To go there we have to adopt a life centred around the principles of love and devotion to the Supreme, so that when death comes, it will not be an entry into an incessant loop of species-hopping, but a final leap in to the spiritual world, with a sure opportunity to have a personal relationship with a loving God.

Ref:

* Kenneth Ring and Sharon Cooper, MINDSIGHT: Near-Death and out of body experiences in the Blind (Palo Alto,Califoria: William James Center for Consciousness Studies, 1999).

* Searching for Vedic India, by Devamrita Swami

* Born Again by Walter Simkiw, MD. Ritana books

* Origin of Soul by Walter Simkiw, MD. Ritana books

* Human Devolution by Michael A. Cremo

Reincarnation Birth Marks

Raaz Pichle Janam ka

Dr Ian Stevenson covered birthmarks and birthdefects in his book Where Biology and Reincarnation Intersect.

 About 35% of children who claim to remember previous lives have birthmarks and/or birth defects that they attribute to wounds on a person whose life the child remembers. 210 such children were investigated. In 43 of 49 cases in which a medical document (usually a postmortem report) was obtained, it confirmed the correspondence between wounds and birthmarks (or birth defects). Stevenson added: “It seems to me that the imprint of wounds on the previous personality must be carried between lives on some kind of an extended body which in turn acts as template for the production on a new physical body of birthmarks and deformities that correspond to the wounds on the body of the previous personality.”

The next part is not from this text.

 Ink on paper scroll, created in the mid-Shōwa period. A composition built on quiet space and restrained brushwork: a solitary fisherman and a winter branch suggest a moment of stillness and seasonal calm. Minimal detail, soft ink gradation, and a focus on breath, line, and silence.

Why don’t we remember past lives?

Life is tough enough dealing with hurt incurred this time around.  Remembering all the trauma and grievances associated with past lives and deaths would paralyze us with fear and phobias.  Nor would we establish relationships with those with whom we have karmic issues and lessons. Without contributing to enhance the quality of our present life, the haunting past will only complicate our every day choices, actions and create volatile opinions.  Mercifully, God spares us the pain. 

Reincarnation cases involving political legends and film stars of India

Reincarnation Cases

These matches were derived through the work of Walter Simkiw, M.D., and Kevin Ryerson and are mentioned in Born Again. Kevin is a trance channel, which means that when he works, he goes in to a meditative state or trance and allows spirit beings to speak through him. The spirit guide that Kevin channels is Ahtun Re, who has demonstrated an ability to make what appears to be accurate past life matches. Such paranormal features may appear strange to a scientific mind, but there are many examples of paranormal features being scientifically studied and reported.

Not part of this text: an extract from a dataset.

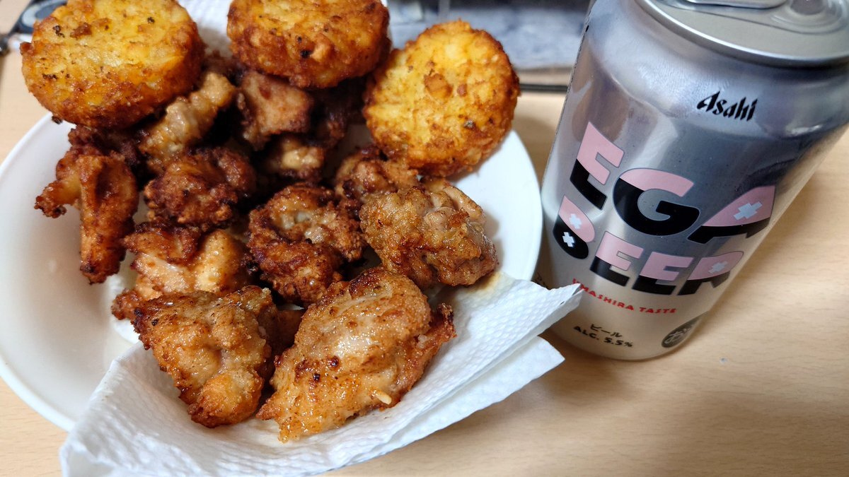 日曜日の夜は、手づくり唐揚げとEGABEER(エガビア)🍺 苦みとコクがあって、なおかつキレが良い。 スーパードライより好きかも。 #エガビア #EGABEER #エガちゃんねる pic.x.com/EPKyn3l6Pu

Human Devolution by Michael A. Cremo, offers numerous examples of scientists who witnessed and attested to paranormal phenomenon.  Some of them are Sir William Crookes, a Noble laureate in physics and a president of the Royal Society, Marie Curie and her husband Pierre Curie, and Dr John G. Taylor, a mathematical physicist at the University of London, who studied Uri Geller, a medium famous for his ability to bend and move metal in ways that seemed impossible in light of ordinary physics.

BTG does not confirm or refute the following claims, but is only reporting them.

Simkiw proposes the following matches:

APJ Abdul Kalam, former President of India and often considered the “Missile Man,” is reincarnation of Tipu Sultan, who had pioneered rocket technology for military use. Vikrama Sarabhai, the mentor of Kalam, was reincarnation of Haider Ali, the father of Tipu Sultan.

Amitabh Bachchan is the reincarnation of Edwin Booth (1833-1893), an American who was considered one of the finest Shakespearian actors of Victorian times. Bachchan has been described as a gifted actor in a Shakespearian way. 

Edwin Booth met Mary McVickers when he performed in a theatre that her father owned. Edwin and Mary played the leads in “Romeo and Juliet,” fell in love and later married. Mary has reincarnated as Jaya Bachchan.

Edwin Booth’s first wife was Mary Devlin, an actress who met him, when they were cast in the lead roles of “Romeo and Juliet.” Mary Devlin died two years after they were married. She has reincarnated as Rekha who has played leading lady in many of Amitabh’s movies.